Tuesday, July 19, 2022

Prefabrication experiments - 339 - 10-storey building assembled in one day


Speed - prefabrication, industrialized building is promoted as a quicker alternative to conventional construction. Large building chunks and sub-assemblies can be made and then assembled in a factory while site preparation and foundations proceed on site. This parallel task completion challenges the linear process that usually characterizes building construction. Apart from task overlapping, most industrialized building systems are also designed to facilitate on site setting and systemic itemizing as a way of rationalizing coordination. The integration of details to simplify assembly is illustrated by a new modular building platform presented by Chinese promoter, Broad Group. The proposal uses three interrelated concepts: a proprietary stainless steel stressed skin panel for floors or walls (the b-core), standardized grid for regulating x,y and z dimensions, and folding appendages for floors and bay windows. The box-stacking concept goes up in record time; A 10-storey building was assembled in a single day. 

 

The b-core is a composite stressed skin panel with stainless steel plates as skins structuring aligned steel tubes. The robust panel can span both vertically and horizontally and is used to manufacture the boxes. As the shipping container like volumes are delivered they are installed over steel beams that span adjacent vertical modules. Floor plates are then unfolded from the basic prism over the supporting beams. The 2,4x12x2,7 m boxes create a checkerboard pattern of masses and voids. The service (module) versus served space (unfolded slab) arrangement is repeated vertically as the volumes and unfolded slabs are aligned and stacked by anchor points at their corners. Analogous to shipping container connections, the anchor points are used to lift, set and attach each unit in place. Once in place, other hinged factory made accessories like balconies and bay windows are also unfolded into place. Architectural variability is limited to a number of planning configurations, which ultimately maintain all normalized details and speed of erection; standardization is key.  All interior elements and systems are 100% completed in a factory maximizing prefab theory; speed is not only linked to overlapping of tasks but manufacturing as much as possible leaving only foundations and assembly work onsite.

Stackable container-like units - from Broad Group


Monday, July 11, 2022

Prefabrication experiments - 338 - Zero waste kitchen

In the quest to industrialize building construction, dwelling functions have been analyzed, examined and explored as potential integrated subassemblies to be mass-produced and assembled into entire edifices. Bathroom pods, service cores and kitchens in particular have been theorized since the beginning of the twentieth century as building systems and elements conducive for applying manufacturing methods developed in parallel industries.
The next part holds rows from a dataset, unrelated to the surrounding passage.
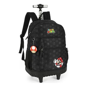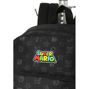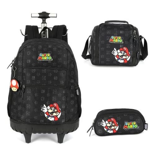 - amplo compartimento principal para melhor organização dos cadernos, livros e apostilas; - 1 compartimentos frontais com fechamento em zíper, para pequenos objetos; - dispõe de alça de mão e alça retrátil reforçada para uma melhor locomoção; - alças acolchoadas e reguláveis caso queira transportar no ombro; - rodinhas de silicone; - puxadores dos zíperes em borracha; - logo super mario; - material: 100% poliéster e forro 100% poliéster.
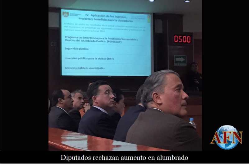 MEXICALI BC 1 DE DICIEMBRE DE 2015 (AFN).- Diputados del Congreso del Estado le negaron a la administración priísta de Tijuana, el incremento que pretendía hacer en la tarifa del impuesto al alumbrado público; a cambio, otorgaron al alcalde Jorge Astiazarán Orcí un plazo para presentar un plan alternativo para obtener los recursos que requiere para resolver el problema de las luminarias.
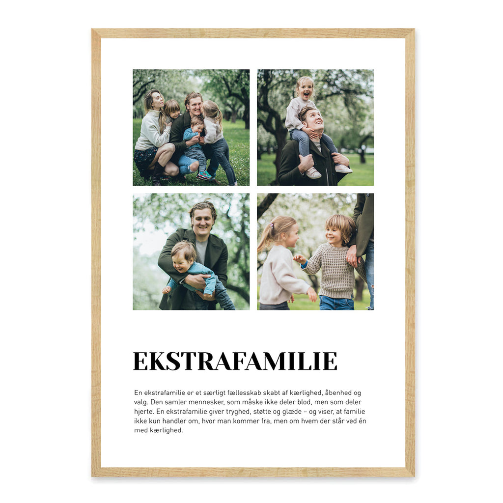 Vælg mellem et design med ét eller fire billeder, og tilføj en færdig tekst fra vores liste – eller skriv din egen. En rørende og betydningsfuld gaveidé til ekstrafamilien, som vil værdsætte en personlig og kærlig påmindelse om, hvor meget I betyder for hinanden.

The kitchen benefitted from this industrial product perspective and has become a modularized and highly industrialized manufactured component of any home;  Today, Cabinets are never really built-on site but arrive in simple to install kits and have even been furthered by industry specific software streamlining the design to market process. 

 

The rich heritage of the modular kitchen owes its industrial legacy to architect Margarette Shütte-Lihotsky. Her work on the Frankfurt Kitchen designed as part of Ernst May's New Frankfurt social housing planning and construction project was envisaged as an efficient machine for cooking and spawned the laboratory kitchen associated with modernity in architecture. Nearly 100 years later, the kitchen still fascinates as an integrated device to promote healthy living.  Another Austrian Architect, Ivana Steiner, has designed a kitchen with sustainability in mind. The simple linear kitchen organization facilitates its integration in any space but is planned as an island type dissociated from wall elements, it is proposed as a central element. Contrary to the Frankfurt kitchen this spatial interpretation invites the idea that the kitchen is no longer simply a machine, but a space for socialization as well as production. 

 

The prism 4m long x 0,6m wide x 0,9m high combines recycled stainless steel and glass for all of its components. Each part of the kitchen makes an ecological statement questioning elements like overpackaging, proposing bulk purchases, and facilitating composting. For the longest time our kitchens have been passive elements for creating waste; the zero-waste kitchen houses an herb growing garden showcasing how housing components can be an active part of the home’s ecosystem. The linear modular unit uses recycled steel and glass to argue for low-emission building and durability of materials. Designed to teach and educate like the Frankfurt kitchen, the zero-waste kitchen updates the machine for cooking to a device for eco-friendly living.